Stop the camera at that lightening fast blur and steal all we can from that dash of time___ reaping the bag full of priceless rare jewels. At long last the mysteries of the gifted are shared with we less privileged mortal souls…i.e. tips to transform our inept golf swings into incredible ball crushing machinery. The rabbit is pulled from the magician’s hat. We now know how much the golfers knee flexes at that mini-moment, right and left elbow shape, spine torque, wrist flex, grip pressure, lower to upper body X-factor, shoulder ratio & it’s relationship to hard or soft spikes, the reaction of titanium versus platinum heads, & fiber strands versus cold rolled steel shafts!
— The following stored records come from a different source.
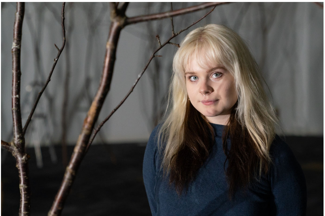
Celeste, Hidden Door 2023.

The developers originally wanted to build 194 flats on the site with 35 per cent, or 68 affordable homes. The plans were then submitted to The City of Edinburgh Council in September 2022 with amendments to the height of the residential blocks, and a reduction in number to 174 homes. The decision is due on 24 May 2023, and the Chief Planning Officer is recommending approval subject to legal agreement.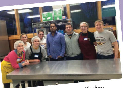
Service week: Campus Kitchen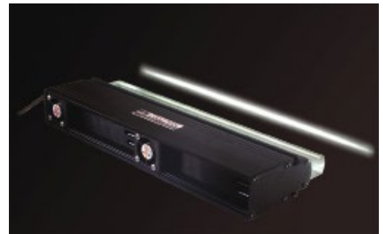
HB White LED lightline from Advanced Illumination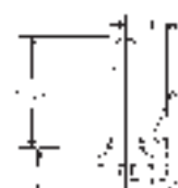
PCB fixing hole=4.0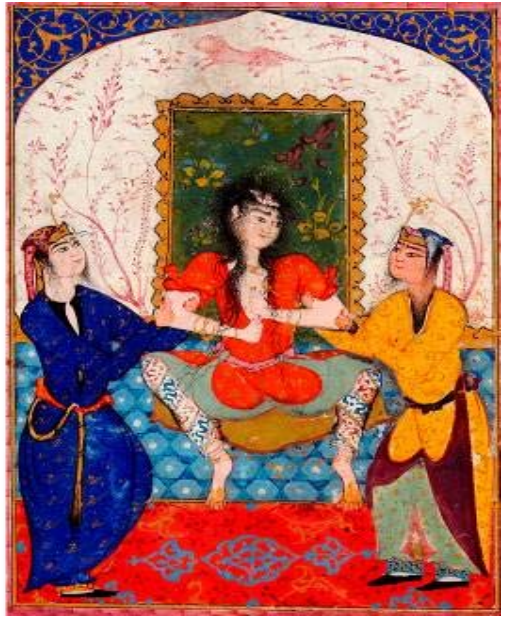
Figure 1. This miniature, entitled "Zulaykha is mad with longing after having seen Yusuf in a dream for the second time", is attributed to Qazvin (Iran, 1581) and illustrates Jami's famous poem "Yusuf and Zulaykha" from 1483. In the left upper corner, an intimate scene of a loving couple symbolizes the union with her beloved Yusuf which the princess longs for so much (Left panel). The magnification shows Zulaykha in despair and being restraint physically by two of her servants (Right panel). The painting is on display at the David Collection, Copenhagen, Denmark (106b/2006; reprinted with permission;).

However, the king has his daughter shackled with a golden chain (a glimpse of which can be seen over Zulaykha's henna-stained feet), and she is kept in this state for an entire year. Although Zulaykha slowly recovers, her life is ruined by unreturned love, and she ends up old and alone.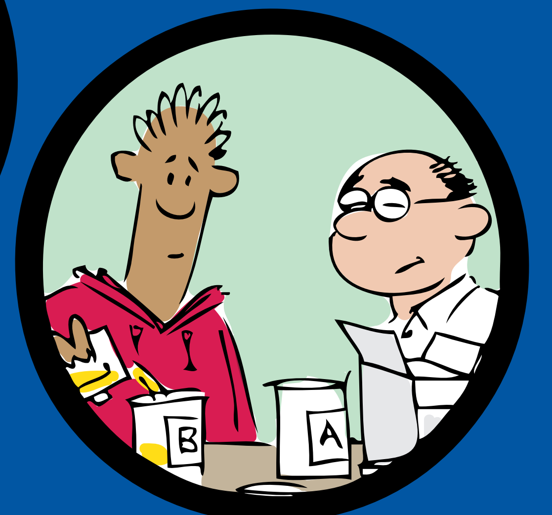
6. Split and seal the sample.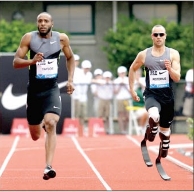
Oscar Pistorius, right, of South Africa, races against United States' Angelo Taylor, left, in the 400-meter event on Saturday at the Prefontaine Classic athletics meet in Eugene.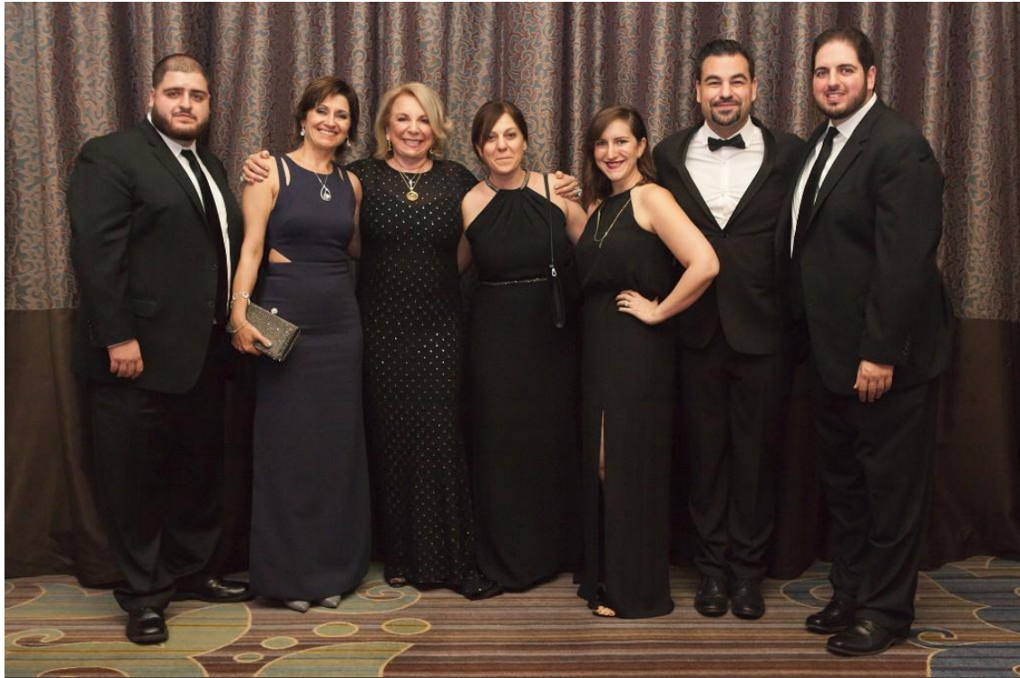
The AUA US Team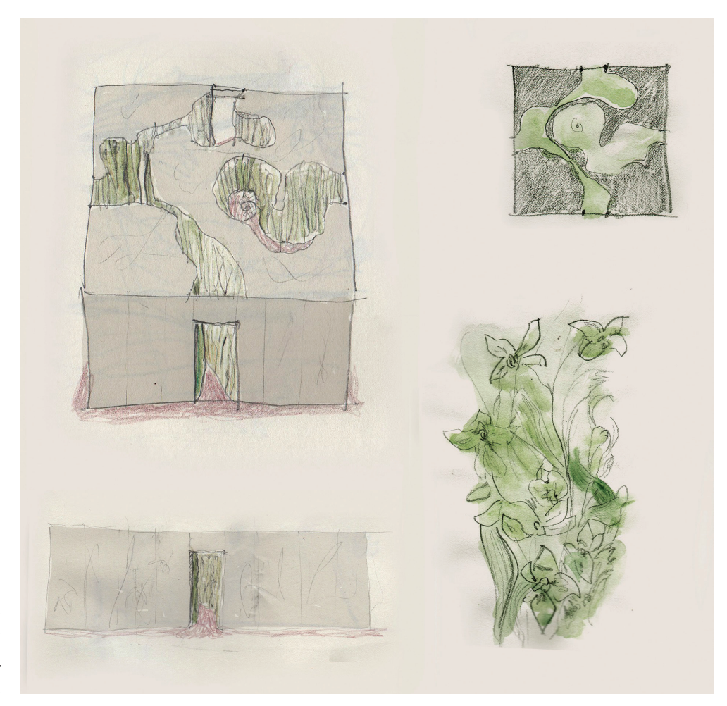
FIGURE 6 — Cristina Iglesias' Vegetation Room, site sketches, mixed media on paper.

never-repeated sound, and Iglesias', through its mirrored surfaces. When describing the "Sonic Pavilion", Rached (2014) states that it defies the expectations about art form by creating an illusion of limitless space between architecture and landscape. Both architectures make use of minimalistic forms, cylinder and cube, and both bear very organic art forms — art is fluidly enclosed within a rigid geometry.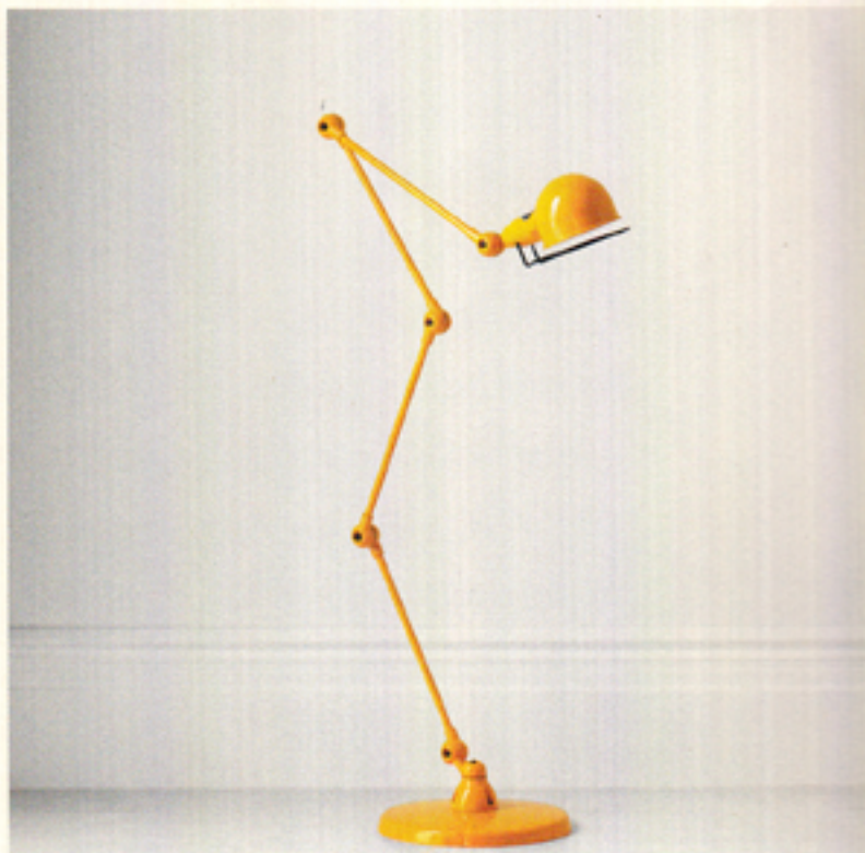
Signal Zigzag floor lamp by Jielde | A go-to piece for stylist Hilary Robertson (hilaryrobertson.com): "I love things that are functional but also sculptural. I've used this in a kid's room. It's also nice as a reading lamp in a bedroom. It's quirky—almost like having a pet in your house!" $595, shophorne.com.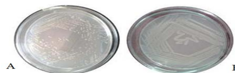
A: Escherichia coli B: Pseudomonas aeruginosa

concentrated essential oil by adopting disc diffusion method of screening. The antibacterial activity observed was compared with standard antibiotics such as Ampicillin and Streptomycin.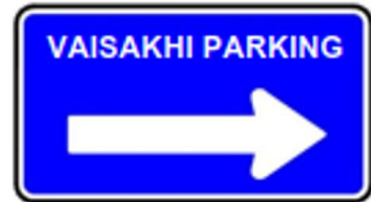
24" x 36"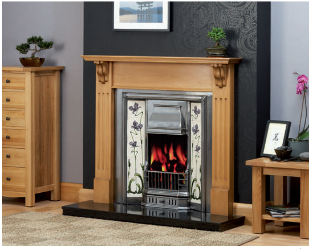
Vyner: Light Oak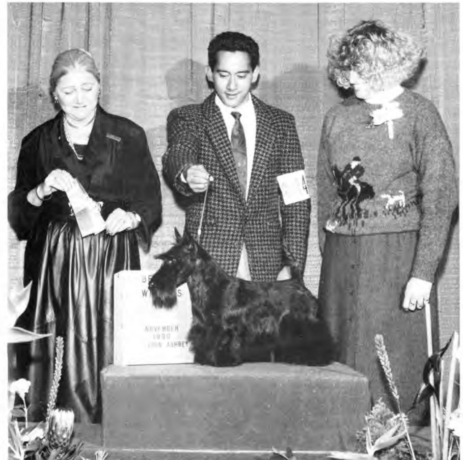
CH. KILLISPORT TOWN AND COUNTRY x CH AMBRETTE'S I'M A SENSATION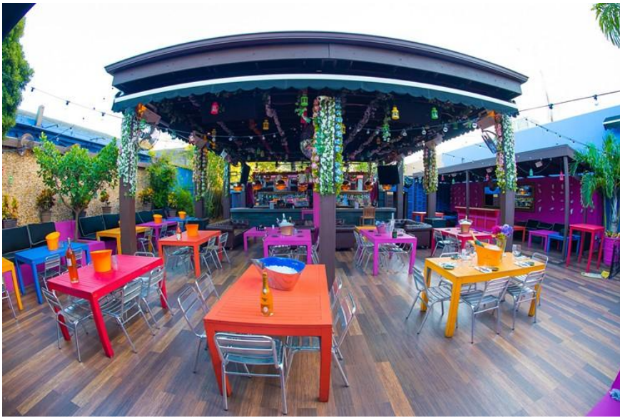
La Victoria Social Club

Some places are perfect for turning up the heat on the dance floor in Miami, and one of those spots is La Victoria. Get ready to sweat it all out as you groove to salsa, bachata, merengue, and more at this Design District hideout. Go solo and low-key or big and bougie with a table reservation or private event. La Victoria offers everything you could possibly want in terms of drinks, including bottles of champagne for a cool $1,400. But you won't need to break the bank for snacks such as empanadas de carne ($8) and yuca fries ($7) or full-on meals like tostones con carne ($14) and chicken caesar salad ($13). After you've done some damage, get back out on the dance floor and sweat off those tostones. Hours are 11 p.m. to 5 a.m. Thursday through Saturday.

Today’s designer swings, single axle, double clutching, rubber burnin’, nitro fuel powered un -natural golf swings are the brain child of the golf industry more specifically the teaching golf instructor, the magazine publisher, the Golf Channel, the carnival barker & the vizored chap with the pencil thin mustache & Chesterfield cigarette running the shell game. So brazen, they rob without a mask and are oblivious to the rolling security cameras. This brain laundering approach makes lots of folks…..lots of wampum.
If you’ve been sucker punched into falling for their lunacy, shame on you, enjoy your stay in no-mans land and get set to havin’ yo’ butt whopped by those using common sense.
The significant time period that will go down in history should, hereafter, be referred to as the Golden Age of The Golf Swing… before computers, high speed film and all the other gadgets that were NEVER used by the classic swingers & absolutely do NOT apply to how the golf swing truly functions. For you see, Mr.Common Sense, the golf swing is way too quick for us mortals to effect the changes the Golf Industry Thieves are pitching at us. They continue using their marketing approach because “we buy it.” “The rich get rich and the poor golfer gets poorer, in the meantime, in between time “Ain’t __they___ got Fun? & money to burn!”
Sam Snead, when asked how he found his elegant, graceful, fabulous golf swing replied ___”It’s just like hitting a rock with a stick.” Sam didn’t know a computer from a fishing pole___but he finished in 1st place 185 times, 2nd place 63 times and 3rd place 54 times. Sam finished in the top ten 358 times and in the top twenty-five 473 times. In 1954, he won his third and final Masters after defeating Ben Hogan in a memorable 18 hole playoff, and in 1959 he shot a world record 59 in a USGA sanctioned golf tournament. Sam didn’t fall for the complicated version of the golf swing___ how ’bout you?